ACTIVITY
Down to the last line, reproduce the data that follows, but skip the pictures.

SUPPLIED INFORMATION
BEGIN
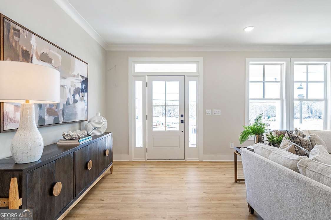Come home to the heart of it all in one of Cherokee's most dynamic new addresses at the new Holly Springs Town Center with walkable access to Town Center's restaurants, retail stores, green spaces, events and a new outdoor amphitheater. Centered on the landmark new Holly Springs City Hall, the heart of Holly Springs Town Center will be an inviting community space set to play host to festivals, markets and community events like the city's annual Autumn Fest, monthly concerts, food truck nights, morning farmers markets, Christmas Parade and more. The NEW Holly Floor Plan by Stonecrest Homes serves as our model home and is now available for purchase.. This townhome residence offers the best in lock and go living with 4 bedrooms, 3.5 bathrooms, over 2700 sq ft across three levels. Family room with fireplace overlook covered brick front porch. Stunning Kitchen with center island and walk in pantry walk out to rear covered porch. Generous primary suite with spa bath. Two secondary bedrooms up share a gracious hall bath. Flex room on lower level with walk in closet and full bath with shower stall serves as rec space or guest suite. Additional unfinished room on the lower level can easily convert to an exercise or work from home space. Two car rear entry garage with addt'l storage. Perfect floorplan for today's ACTIVE lifestyle. Walk to the new HOLLY SPRINGS TOWN CENTER! Enjoy Food Truck Alley on the 3rd Thursday of every month and Holly Springs Harmonies Concert night one Saturday of the month all summer held at the adjacent Historic Train Depot at the corner of Holly Springs Parkway & Hickory Rd. Don't miss this early opportunity to live in another Cherokee County TOWN CENTER like DT Woodstock or Canton before it goes vertical. Calling all who remember that real estate's most important factor is location, location, location!
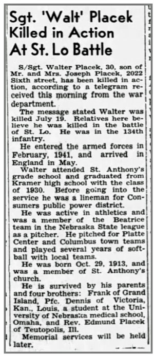 Walter Frank Placek, son of Joseph and Mary (Smolen) Placek, was born October 29, 1913 in Columbus, Nebraska. He registered for the draft October 16, 1940. At the time he was working for the Consumers Public Power District in Columbus. He entered the Army in February 1941, served as a Platoon Sergeant in the First Platoon, Company K, 134th Infantry Regiment, and landed at Omaha Beach in Normandy, France July 6, 1944. S/Sgt Walter F Placek was killed in action July 19, 1944 during the battle for St Lo, France. He is buried at Normandy American Cemetery, Colleville-sur-Mer, France.
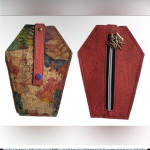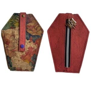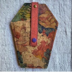 Handmade Cork flower bow pull card holder wallet watercolor multicolor
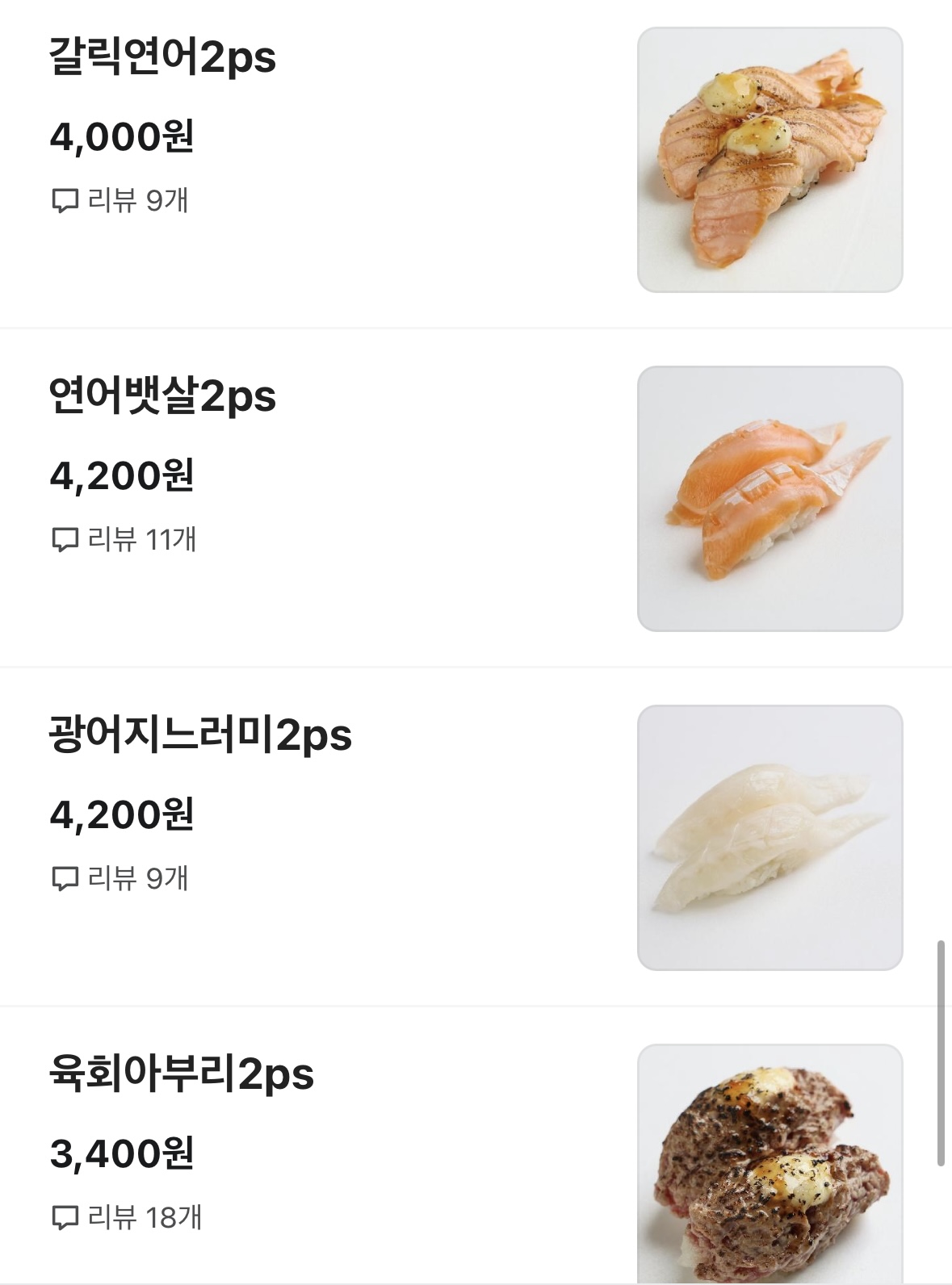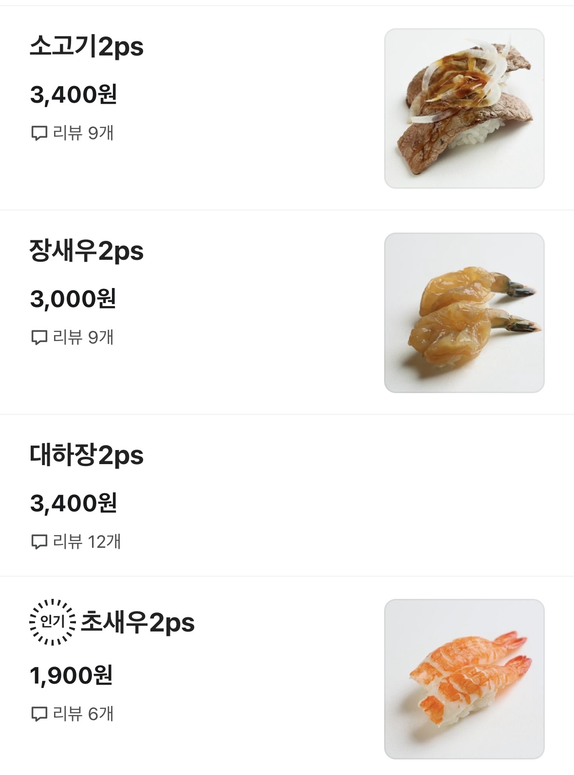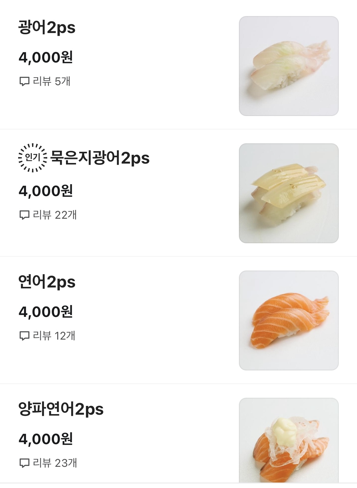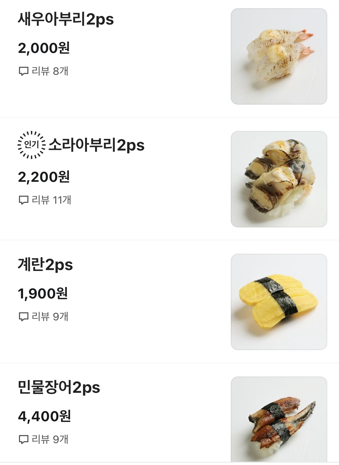 맛있어서 추가해서 먹었다. 세트메뉴에 단품으로 초밥을 추가해서 시킬 수 있다.
END
RESPONSE FOR THIS EXERCISE
Come home to the heart of it all in one of Cherokee's most dynamic new addresses at the new Holly Springs Town Center with walkable access to Town Center's restaurants, retail stores, green spaces, events and a new outdoor amphitheater. Centered on the landmark new Holly Springs City Hall, the heart of Holly Springs Town Center will be an inviting community space set to play host to festivals, markets and community events like the city's annual Autumn Fest, monthly concerts, food truck nights, morning farmers markets, Christmas Parade and more. The NEW Holly Floor Plan by Stonecrest Homes serves as our model home and is now available for purchase.. This townhome residence offers the best in lock and go living with 4 bedrooms, 3.5 bathrooms, over 2700 sq ft across three levels. Family room with fireplace overlook covered brick front porch. Stunning Kitchen with center island and walk in pantry walk out to rear covered porch. Generous primary suite with spa bath. Two secondary bedrooms up share a gracious hall bath. Flex room on lower level with walk in closet and full bath with shower stall serves as rec space or guest suite. Additional unfinished room on the lower level can easily convert to an exercise or work from home space. Two car rear entry garage with addt'l storage. Perfect floorplan for today's ACTIVE lifestyle. Walk to the new HOLLY SPRINGS TOWN CENTER! Enjoy Food Truck Alley on the 3rd Thursday of every month and Holly Springs Harmonies Concert night one Saturday of the month all summer held at the adjacent Historic Train Depot at the corner of Holly Springs Parkway & Hickory Rd. Don't miss this early opportunity to live in another Cherokee County TOWN CENTER like DT Woodstock or Canton before it goes vertical. Calling all who remember that real estate's most important factor is location, location, location!
 Walter Frank Placek, son of Joseph and Mary (Smolen) Placek, was born October 29, 1913 in Columbus, Nebraska. He registered for the draft October 16, 1940. At the time he was working for the Consumers Public Power District in Columbus. He entered the Army in February 1941, served as a Platoon Sergeant in the First Platoon, Company K, 134th Infantry Regiment, and landed at Omaha Beach in Normandy, France July 6, 1944. S/Sgt Walter F Placek was killed in action July 19, 1944 during the battle for St Lo, France. He is buried at Normandy American Cemetery, Colleville-sur-Mer, France.
 Handmade Cork flower bow pull card holder wallet watercolor multicolor
 맛있어서 추가해서 먹었다. 세트메뉴에 단품으로 초밥을 추가해서 시킬 수 있다.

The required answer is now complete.